WORK INSTRUCTIONS:
For each entry, return the text exactly and omit any image.

--------------------------------

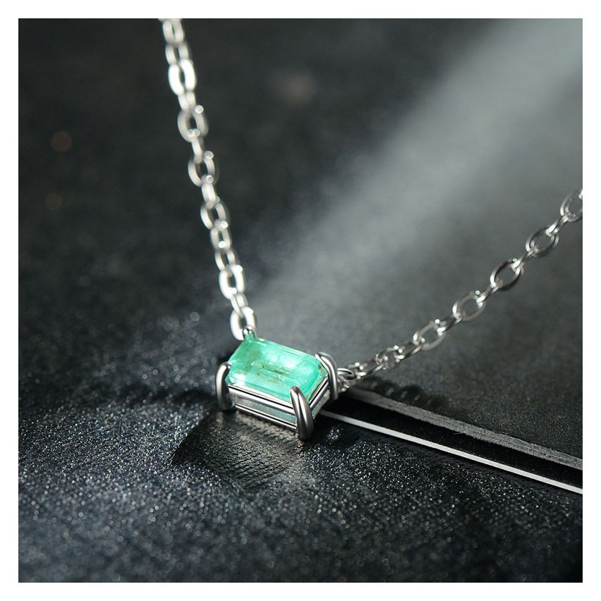 925 Silver Rhodium Plating Green Glass stone Minimalist Pendants 1.5g
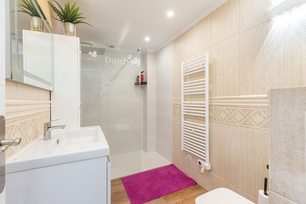 Ein besonderes Highlight der Wohnung ist die rund 45 m² große Sonnenterrasse, die direkt an den Wohnbereich anschließt. Sie bietet ausreichend Platz für einen Außen-Essbereich sowie eine gemütliche Lounge-Zone. Zusätzlich stehen ein kleiner Garten, eine geräumige überdachte Terrasse, ein separater Abstellraum sowie ein PKW-Stellplatz zur Verfügung.
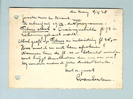 Jammer, dat het hier zoo slecht gaat met de Liga. Het Bestuur heeft al het mogelijke gedaan, zelfs pers. geldoffers gebracht. Er [onleesbaar] hier echter weinig [onleesbaar] ten gunste. Als ik in A'dam kom ben ik van plan er over te komen spreken.
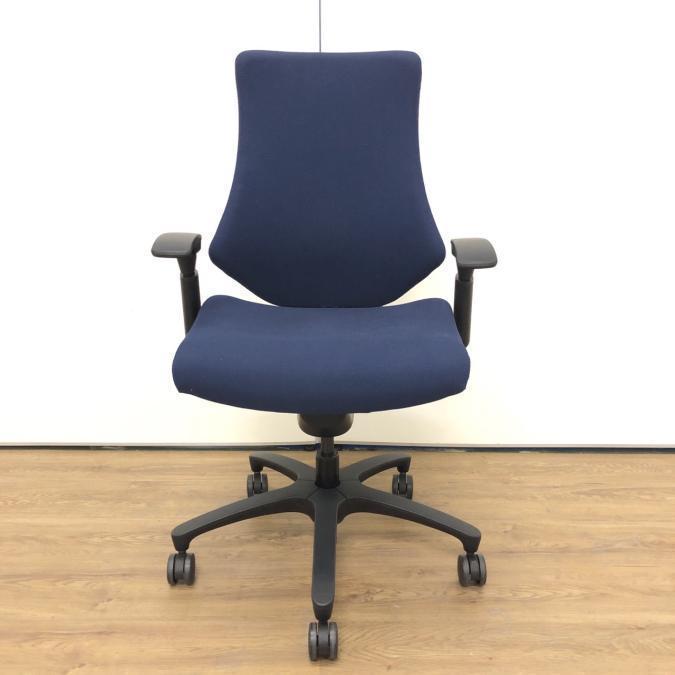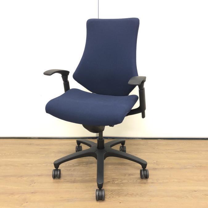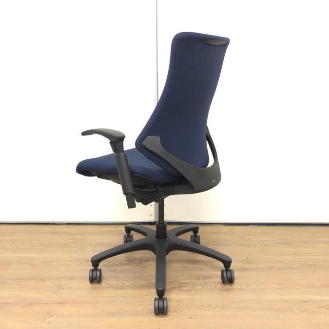 【包み込まれるフィット感!】 ■イトーキ製 エフチェア 肘付 ネイビーブルー ■デスクワークの疲労を軽減!
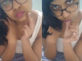Amateur Indian girl pleasures herself with fingers and tongue in selfie video

--------------------------------

PROBLEM SOLUTION:
 925 Silver Rhodium Plating Green Glass stone Minimalist Pendants 1.5g
 Ein besonderes Highlight der Wohnung ist die rund 45 m² große Sonnenterrasse, die direkt an den Wohnbereich anschließt. Sie bietet ausreichend Platz für einen Außen-Essbereich sowie eine gemütliche Lounge-Zone. Zusätzlich stehen ein kleiner Garten, eine geräumige überdachte Terrasse, ein separater Abstellraum sowie ein PKW-Stellplatz zur Verfügung.
 Jammer, dat het hier zoo slecht gaat met de Liga. Het Bestuur heeft al het mogelijke gedaan, zelfs pers. geldoffers gebracht. Er [onleesbaar] hier echter weinig [onleesbaar] ten gunste. Als ik in A'dam kom ben ik van plan er over te komen spreken.
 【包み込まれるフィット感!】 ■イトーキ製 エフチェア 肘付 ネイビーブルー ■デスクワークの疲労を軽減!
Amateur Indian girl pleasures herself with fingers and tongue in selfie video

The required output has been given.